Exploratory data analysis
Settle on a single idea and state your research question(s) clearly. You will carry out most of your data collection and cleaning, compute some relevant summary statistics, and show some plots of your data as applicable to your research question(s).
Write the data collection and exploratory data analysis in the eda.qmd
file in your project repo. It should include the following sections:
- Research question(s). State your research question(s) clearly.
- Data collection and cleaning. Have an initial draft of your data cleaning appendix. Document every step that takes your raw data file(s) and turns it into the analysis-ready data set that you would submit with your final project. Include text narrative describing your data collection (downloading, scraping, surveys, etc) and any additional data curation/cleaning (merging data frames, filtering, transformations of variables, etc). Include code for data curation/cleaning, but not collection.1
- Data description. Have an initial draft of your data description section. Your data description should be about your analysis-ready data.
- Data limitations. Identify any potential problems with your dataset.
- Exploratory data analysis. Perform an (initial) exploratory data analysis. This should include summary statistics, visualizations, and any other relevant information about the data. This is where you start to understand your data and identify any initial trends or relationships. You should also identify any potential problems with your dataset.
1 If you have written code to collect your data (e.g. using an API or web scraping), store this in a separate .qmd
file or .R
script in the repo.
Thorough EDA requires substantial review and analysis of your data. You should not expect to complete this phase in a single day. You should expect to iterate through 20-30 charts, sets of summary statistics, etc., to get a good understanding of your data.
Visualizations are not expected to look perfect at this point since they are mainly intended for you and your team members. Standard expectations for visualizations (e.g. clearly labeled charts and axes, optimized color palettes) are not necessary at the EDA stage.
This document provides an example of what EDA might look like for your project.
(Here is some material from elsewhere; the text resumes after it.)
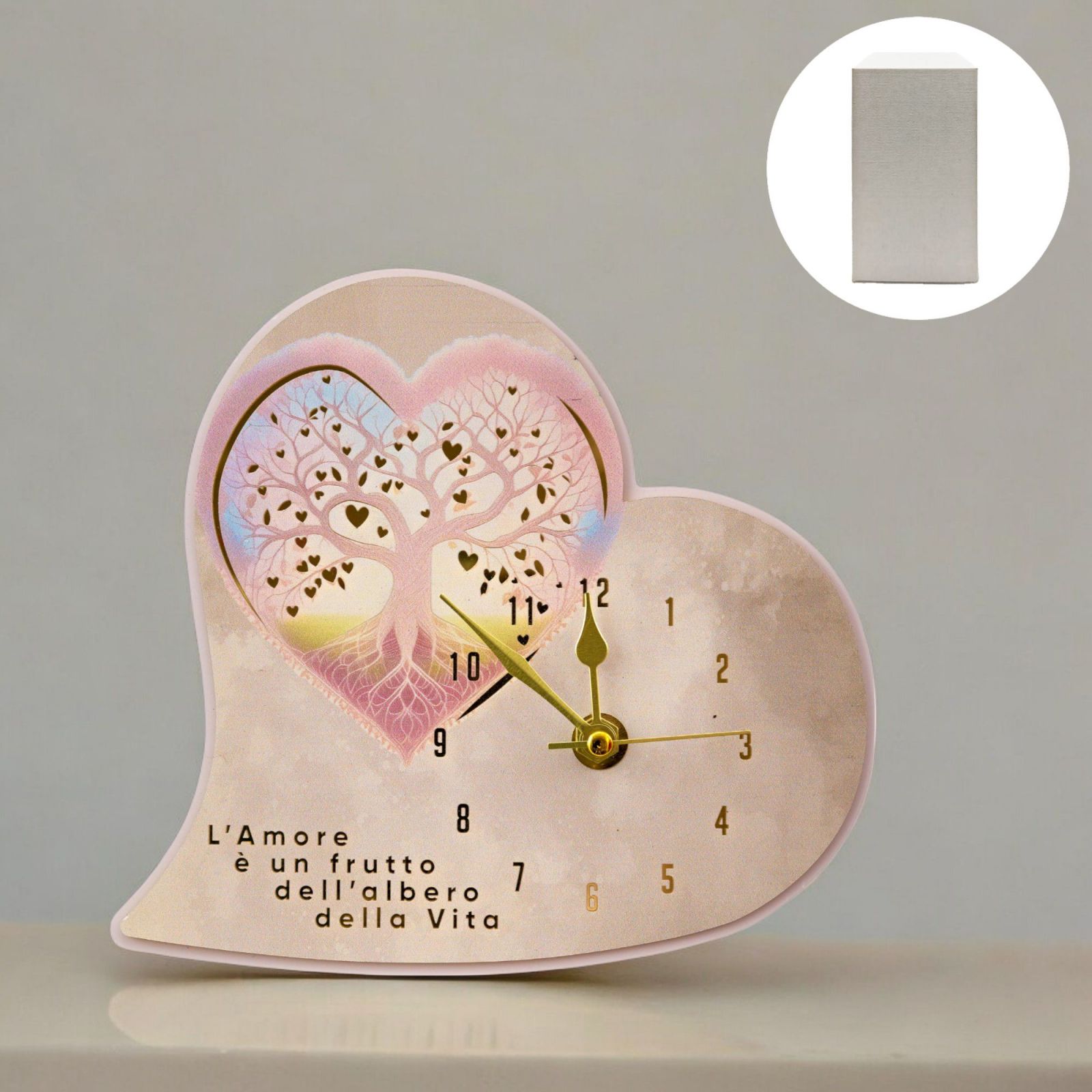 Sei alla ricerca di un regalo speciale per eventi come comunione, cresima, matrimonio o anniversario? Questa bomboniera potrebbe essere la soluzione perfetta! Realizzata in resina di alta qualità, questo orologio a forma di cuore è decorato con un cuore e un albero della vita, mentre il lato destro presenta un elegante quadrante.

- Questions for reviewers. List specific questions for your peer reviewers and project mentor to answer in giving you feedback on this phase.
Evaluation criteria
Category | Less developed projects | Typical projects | More developed projects |
Research question(s) | Question is not clearly stated or significantly limits potential analysis. | Clearly states the research question(s), which have moderate potential for interesting analyses. | Clearly states complex research question(s) that leads to significant potential for interesting analyses. |
Data cleaning | Data is minimally cleaned, with little documentation and description of the steps undertaken. | Completes all necessary data cleaning for subsequent analyses. Describes cleaning steps with some detail. |
Completes all necessary data cleaning for subsequent analyses. Describes all cleaning steps in full detail, so that the reader has an excellent grasp of how the raw data was transformed into the analysis-ready dataset. |
Data description | Simple description of some aspects of the dataset, little consideration for sources. The description is missing answers to applicable questions detailed in the “Datasheets for Datasets” paper. |
Answers all relevant questions in the “Datasheets for Datasets” paper. | All expectations of typical projects + credits and values data sources. |
Data limitations | The limitations are not explained in depth. There is no mention of how these limitations may affect the meaning of results. |
Identifies potential harms and data gaps, and describes how these could affect the meaning of results. | Creatively identifies potential harms and data gaps, and describes how these could affect the meaning of results, and the impact of results on people. It is evident that significant thought has been put into the limitations of the collected data. |
Exploratory data analysis | Motivation for choice of analysis methods is unclear. Does not justify decisions to either confirm / update research questions and data description. |
Sufficient plots (20-30) and summary statistics to identify typical values in single variables and connections between pairs of variables. Uses exploratory analysis to confirm/update research questions and data description. |
All expectations of typical projects + analysis methods are carefully chosen to identify important characteristics of data. |